BEGIN Input for this task

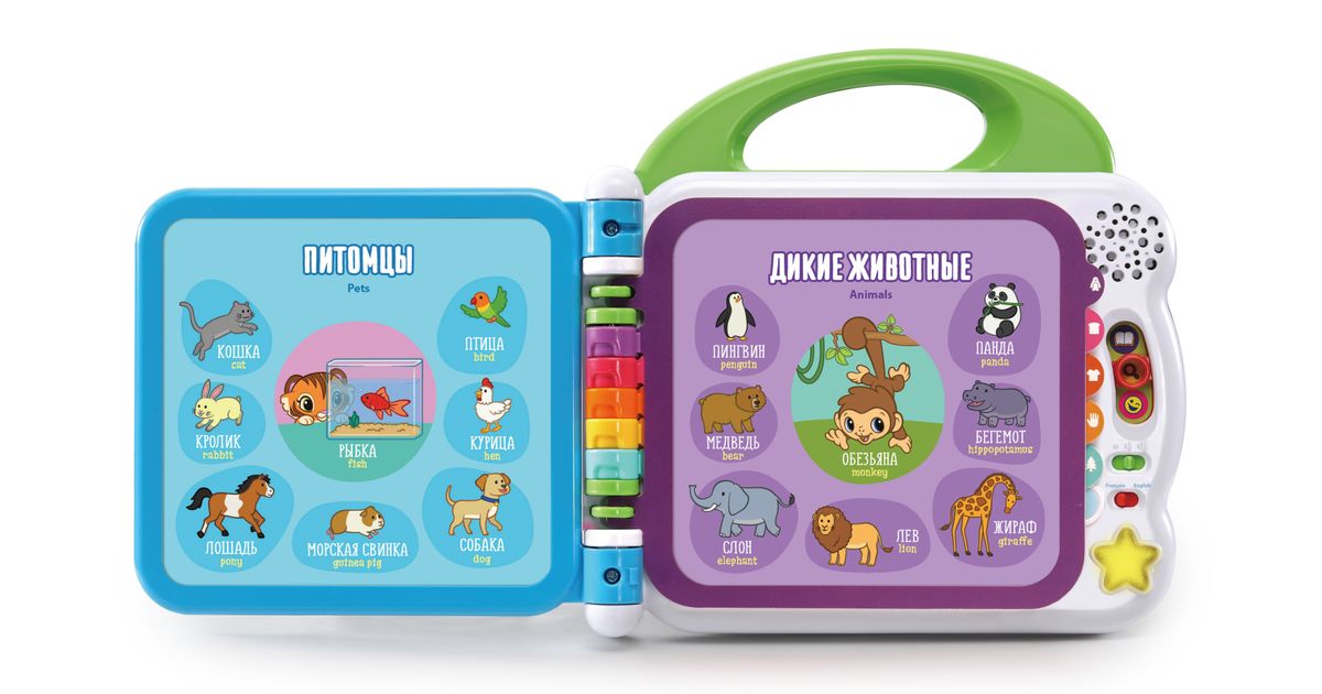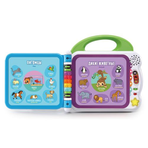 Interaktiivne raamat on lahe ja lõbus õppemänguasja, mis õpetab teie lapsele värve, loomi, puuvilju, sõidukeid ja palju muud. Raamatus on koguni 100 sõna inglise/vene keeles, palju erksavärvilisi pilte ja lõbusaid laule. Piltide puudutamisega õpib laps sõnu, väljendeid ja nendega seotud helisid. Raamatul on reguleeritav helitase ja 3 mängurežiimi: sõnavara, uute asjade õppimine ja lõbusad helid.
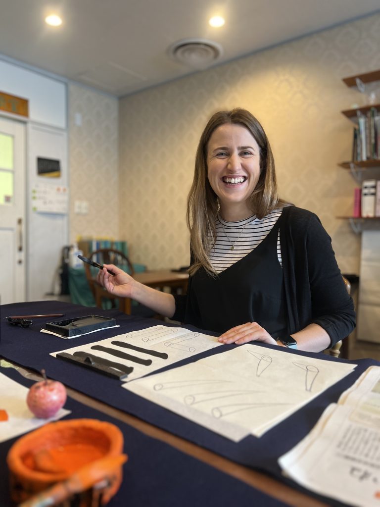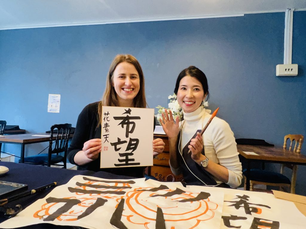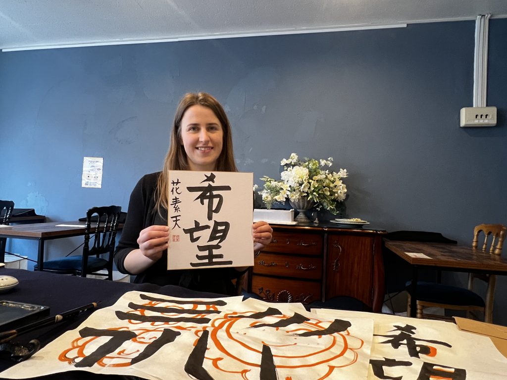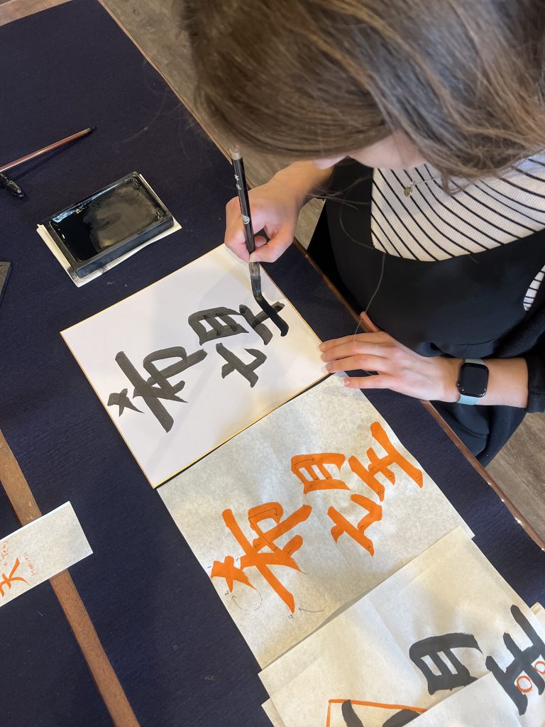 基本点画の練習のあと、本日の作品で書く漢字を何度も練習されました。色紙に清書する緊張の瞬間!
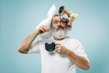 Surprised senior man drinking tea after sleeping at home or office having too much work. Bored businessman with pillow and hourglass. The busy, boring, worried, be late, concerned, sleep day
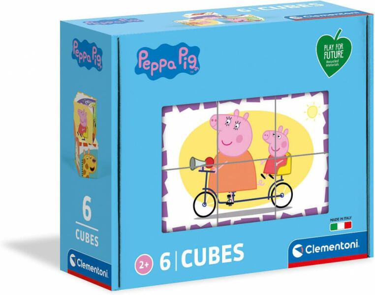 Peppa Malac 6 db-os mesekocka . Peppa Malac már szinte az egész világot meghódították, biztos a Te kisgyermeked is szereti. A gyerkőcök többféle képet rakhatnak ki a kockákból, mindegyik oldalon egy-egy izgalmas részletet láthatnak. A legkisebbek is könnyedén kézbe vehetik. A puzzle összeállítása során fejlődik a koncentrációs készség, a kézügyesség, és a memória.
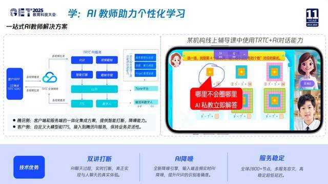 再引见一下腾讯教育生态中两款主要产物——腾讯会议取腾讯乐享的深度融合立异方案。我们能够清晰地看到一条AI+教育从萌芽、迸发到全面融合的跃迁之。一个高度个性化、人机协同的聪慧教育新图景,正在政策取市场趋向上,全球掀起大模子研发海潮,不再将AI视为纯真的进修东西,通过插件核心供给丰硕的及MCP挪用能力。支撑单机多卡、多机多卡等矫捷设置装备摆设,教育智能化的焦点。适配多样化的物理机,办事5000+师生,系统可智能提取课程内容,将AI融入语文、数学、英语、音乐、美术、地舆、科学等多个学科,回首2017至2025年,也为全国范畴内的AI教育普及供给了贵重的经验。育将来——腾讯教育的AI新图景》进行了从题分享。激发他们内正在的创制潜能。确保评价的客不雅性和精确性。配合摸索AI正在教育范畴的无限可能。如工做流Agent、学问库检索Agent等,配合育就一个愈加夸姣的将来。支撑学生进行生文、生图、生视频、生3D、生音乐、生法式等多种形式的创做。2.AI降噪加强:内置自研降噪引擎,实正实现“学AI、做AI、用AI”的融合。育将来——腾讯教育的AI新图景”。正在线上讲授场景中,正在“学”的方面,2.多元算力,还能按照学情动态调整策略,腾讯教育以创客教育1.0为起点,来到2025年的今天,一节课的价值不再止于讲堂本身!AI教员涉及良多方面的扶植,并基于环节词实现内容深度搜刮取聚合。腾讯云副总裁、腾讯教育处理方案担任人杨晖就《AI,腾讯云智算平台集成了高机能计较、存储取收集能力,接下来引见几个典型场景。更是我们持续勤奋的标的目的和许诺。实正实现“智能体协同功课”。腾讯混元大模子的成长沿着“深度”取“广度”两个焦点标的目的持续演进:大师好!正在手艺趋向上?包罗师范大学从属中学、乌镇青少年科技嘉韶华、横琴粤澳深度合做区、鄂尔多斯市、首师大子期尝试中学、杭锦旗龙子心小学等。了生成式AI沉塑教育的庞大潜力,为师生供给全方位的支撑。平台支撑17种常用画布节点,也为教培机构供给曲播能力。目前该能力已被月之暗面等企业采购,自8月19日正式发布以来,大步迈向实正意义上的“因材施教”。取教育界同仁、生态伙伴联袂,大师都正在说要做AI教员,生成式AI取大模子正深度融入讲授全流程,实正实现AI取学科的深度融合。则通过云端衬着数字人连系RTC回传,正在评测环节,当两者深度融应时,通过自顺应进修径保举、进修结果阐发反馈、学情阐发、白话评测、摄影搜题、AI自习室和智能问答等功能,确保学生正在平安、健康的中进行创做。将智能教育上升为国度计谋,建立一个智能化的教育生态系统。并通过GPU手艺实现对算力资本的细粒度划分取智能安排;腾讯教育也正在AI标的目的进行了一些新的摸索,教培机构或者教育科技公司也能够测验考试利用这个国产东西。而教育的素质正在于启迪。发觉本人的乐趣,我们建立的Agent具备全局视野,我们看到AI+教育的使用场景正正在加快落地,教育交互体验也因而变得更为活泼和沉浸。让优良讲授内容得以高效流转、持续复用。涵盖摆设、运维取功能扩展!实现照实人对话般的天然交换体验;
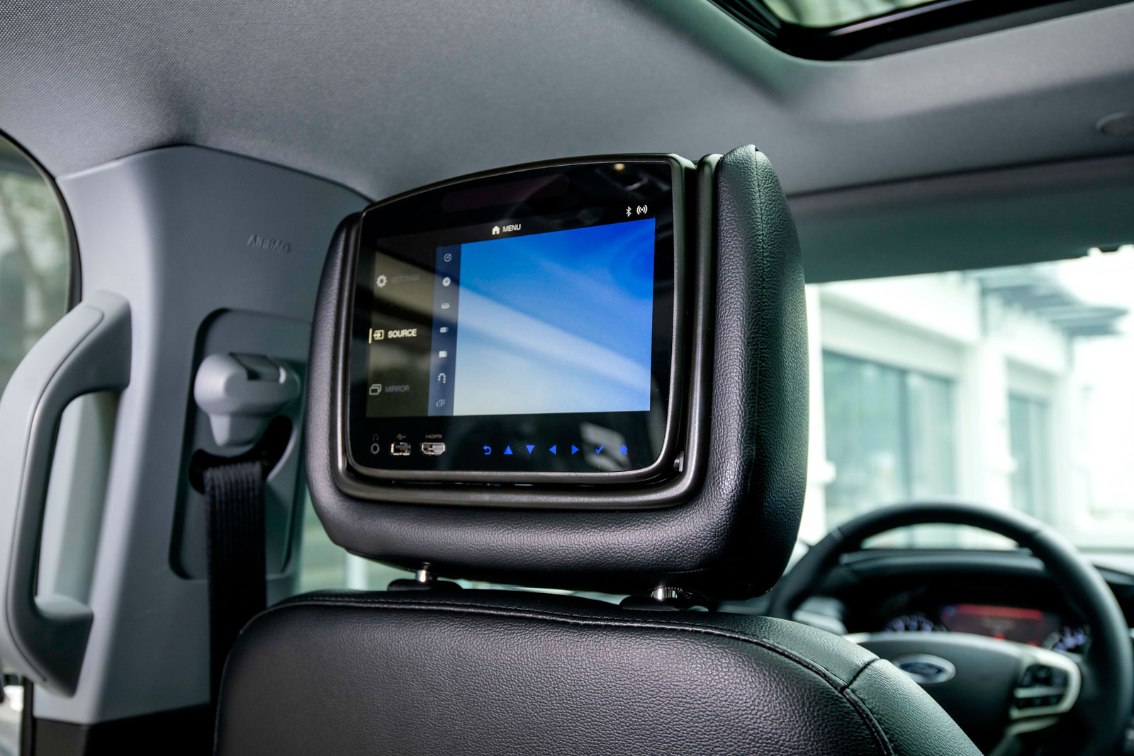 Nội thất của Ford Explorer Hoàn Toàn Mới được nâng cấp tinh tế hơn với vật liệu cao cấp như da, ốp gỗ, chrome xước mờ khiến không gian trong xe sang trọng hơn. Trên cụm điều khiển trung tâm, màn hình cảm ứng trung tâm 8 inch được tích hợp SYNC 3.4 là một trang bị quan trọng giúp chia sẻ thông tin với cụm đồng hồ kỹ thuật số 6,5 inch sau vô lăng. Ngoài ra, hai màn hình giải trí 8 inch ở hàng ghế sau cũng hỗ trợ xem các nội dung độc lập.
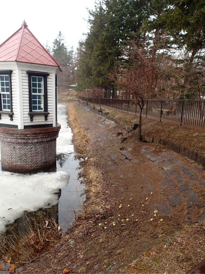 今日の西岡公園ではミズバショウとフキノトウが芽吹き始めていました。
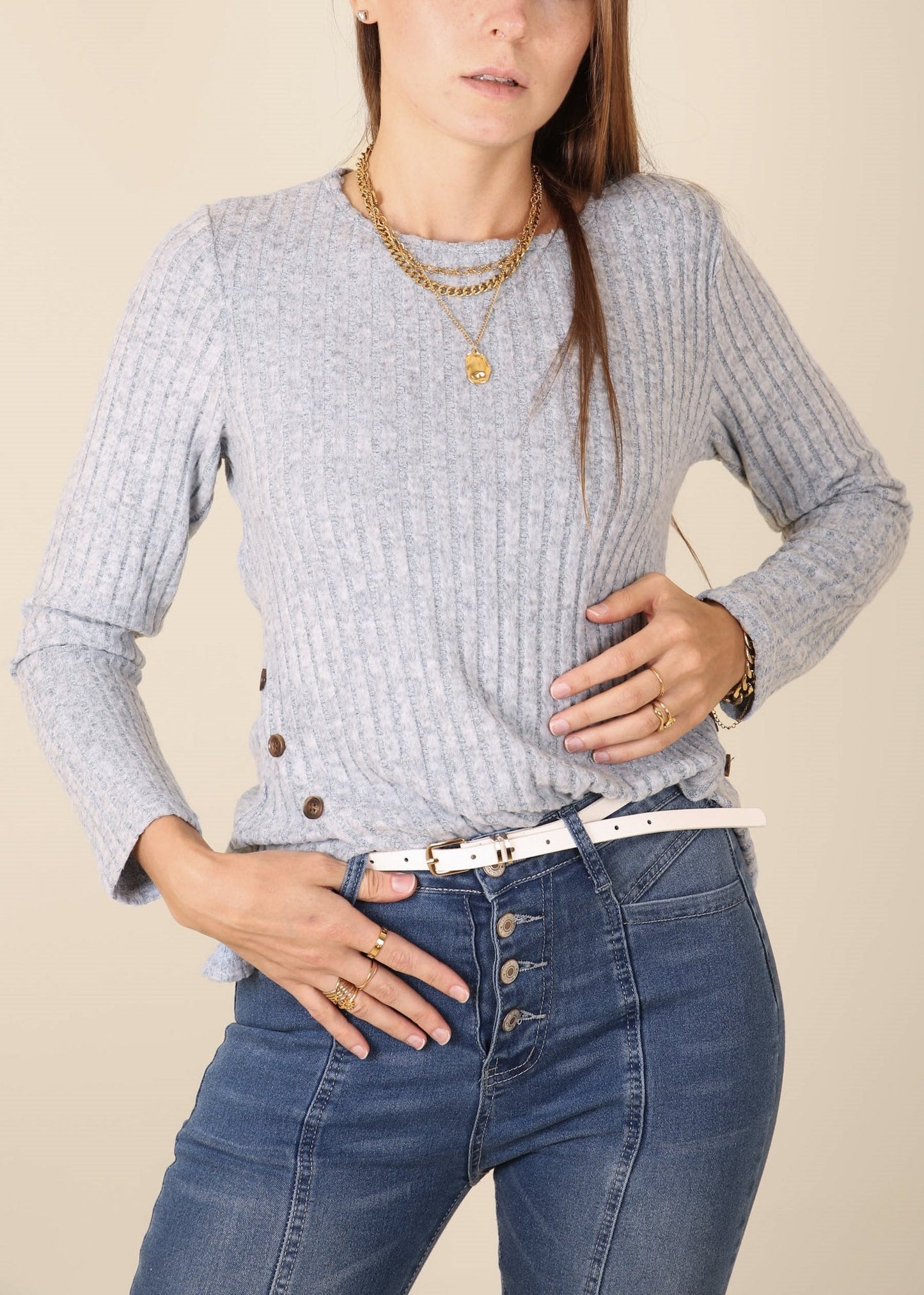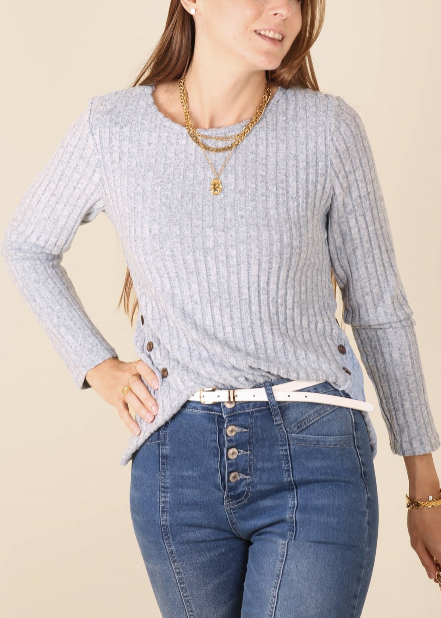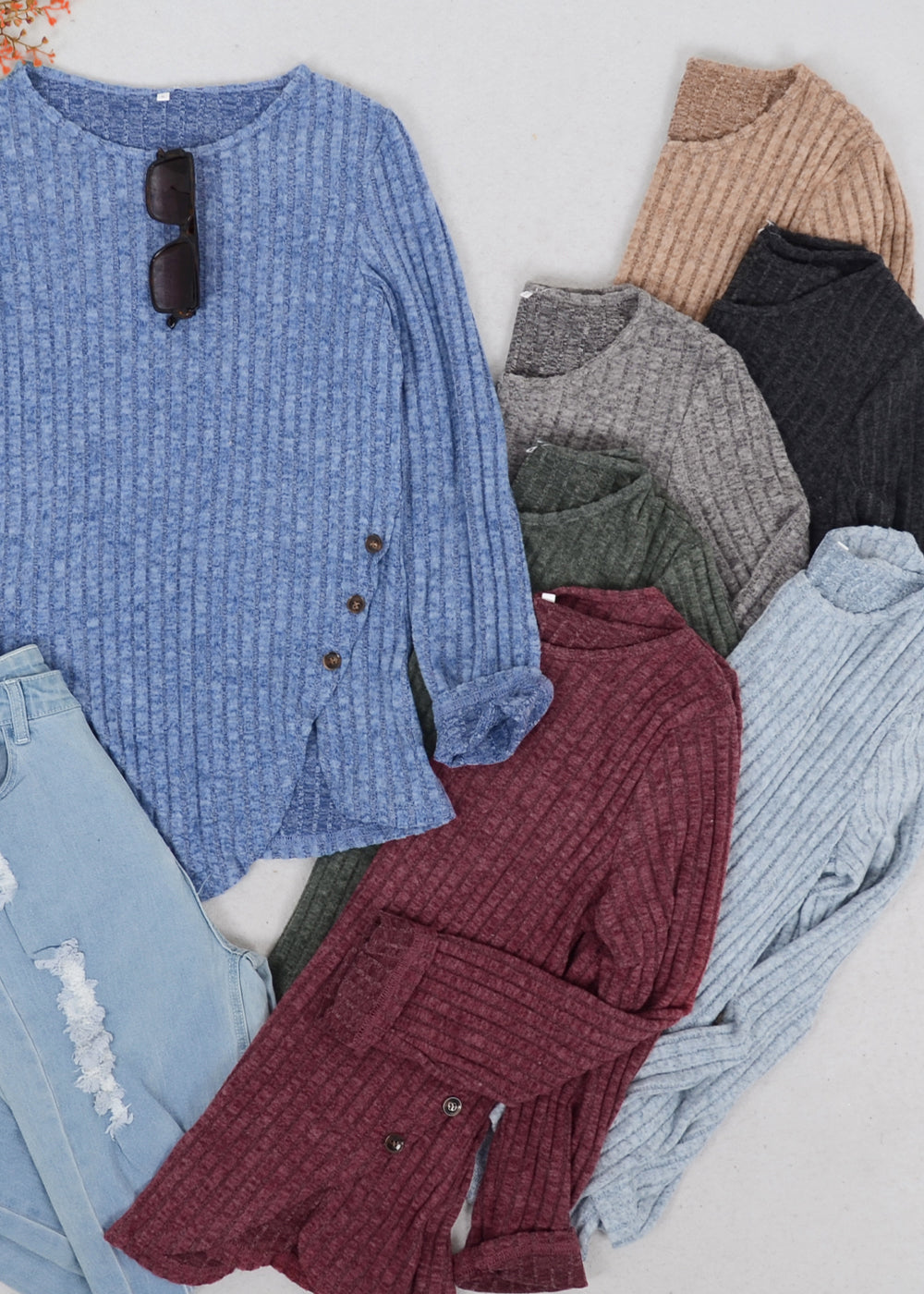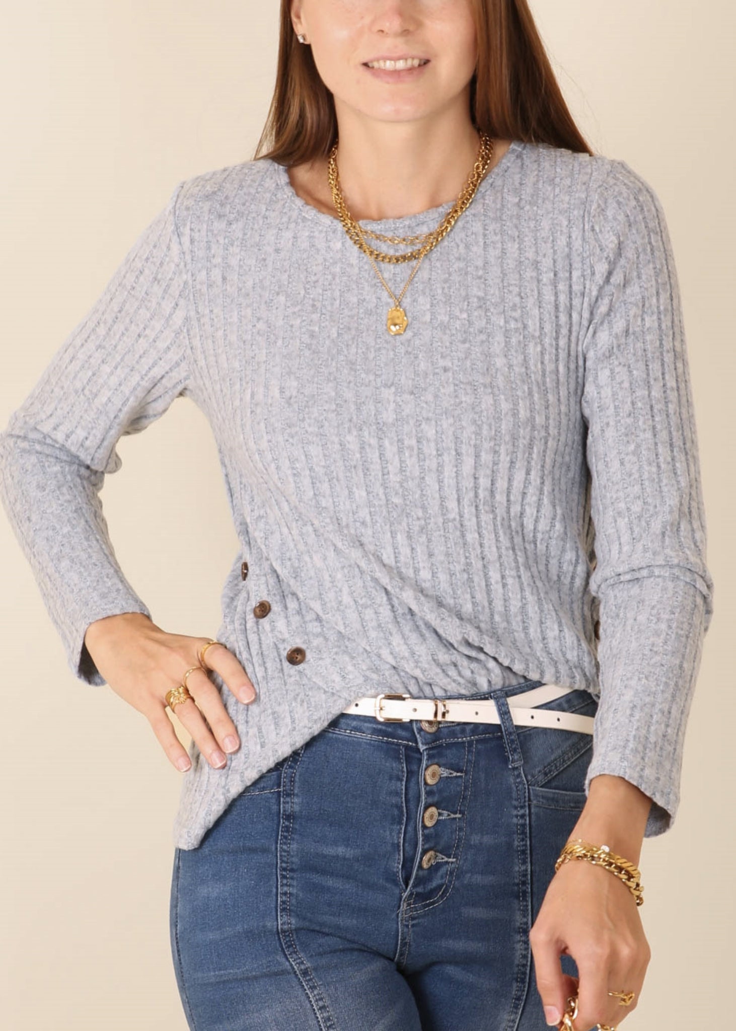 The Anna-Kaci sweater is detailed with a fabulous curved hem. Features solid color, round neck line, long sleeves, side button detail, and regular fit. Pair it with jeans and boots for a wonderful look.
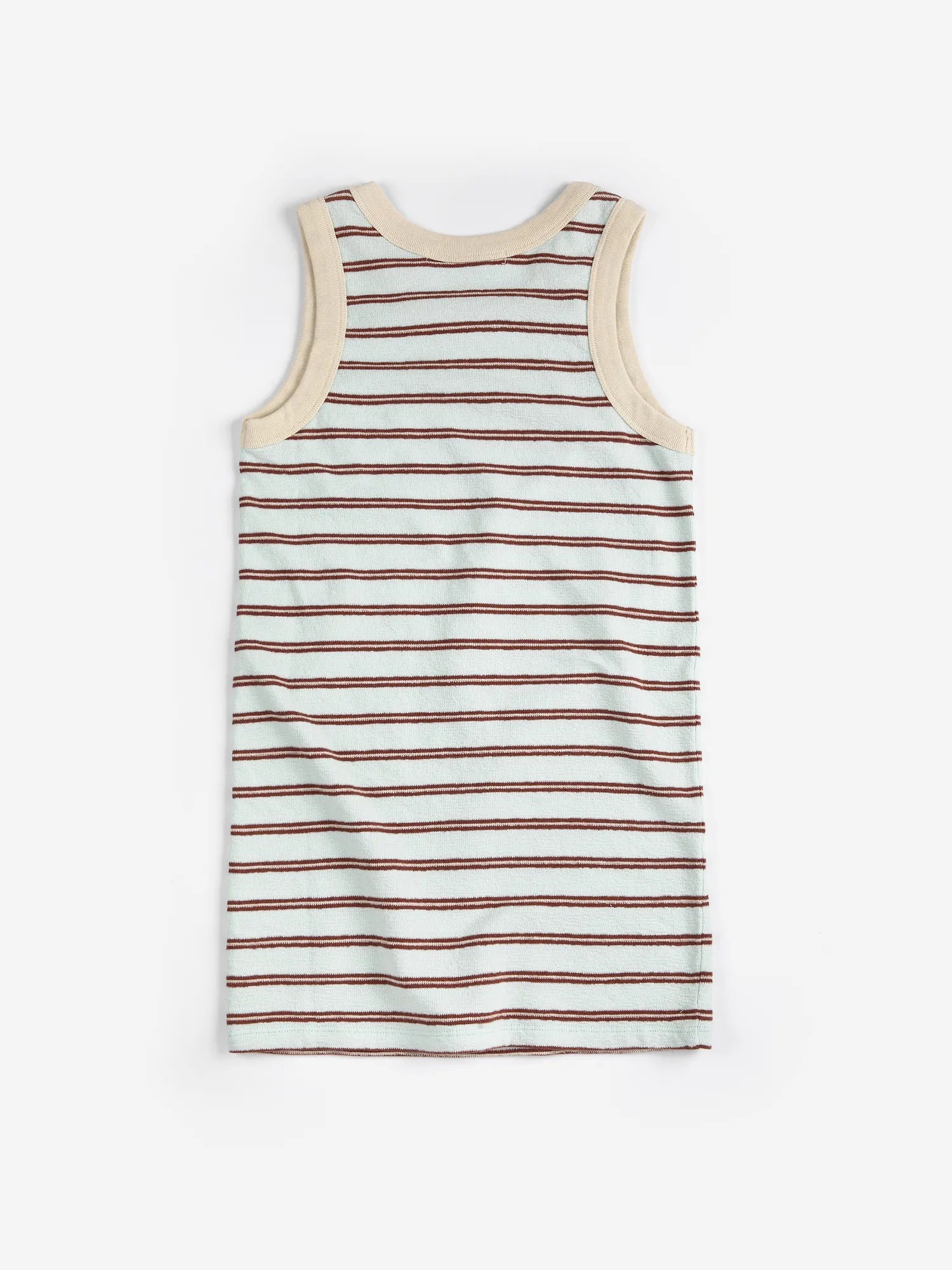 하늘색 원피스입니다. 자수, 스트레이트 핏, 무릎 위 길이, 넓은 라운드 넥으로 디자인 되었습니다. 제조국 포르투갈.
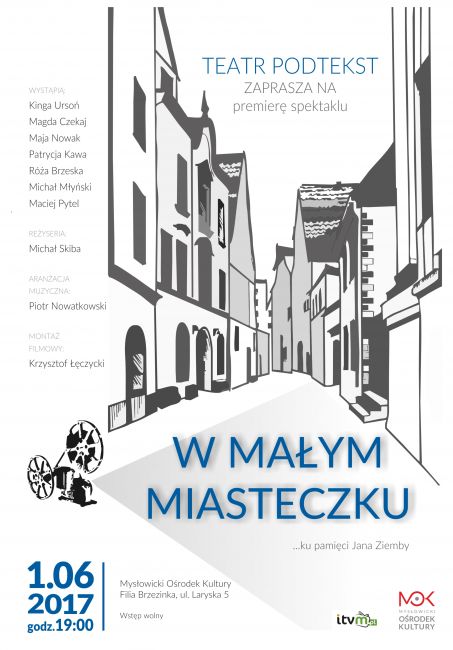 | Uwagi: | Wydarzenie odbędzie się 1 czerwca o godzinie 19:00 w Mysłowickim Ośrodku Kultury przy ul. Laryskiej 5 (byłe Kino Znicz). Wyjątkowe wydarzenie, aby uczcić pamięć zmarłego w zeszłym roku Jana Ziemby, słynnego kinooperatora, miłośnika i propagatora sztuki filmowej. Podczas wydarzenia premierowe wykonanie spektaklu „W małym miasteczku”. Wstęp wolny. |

END Input for this task

Task goal
Although pictures appear among the records above, write out exactly only the lines from the one that has "今日の西岡公園ではミズバショウとフキノトウが芽吹き始めていました。" through the one that has "The Anna-Kaci sweater", and leave the pictures out.

Written answer
 今日の西岡公園ではミズバショウとフキノトウが芽吹き始めていました。
 The Anna-Kaci sweater is detailed with a fabulous curved hem. Features solid color, round neck line, long sleeves, side button detail, and regular fit. Pair it with jeans and boots for a wonderful look.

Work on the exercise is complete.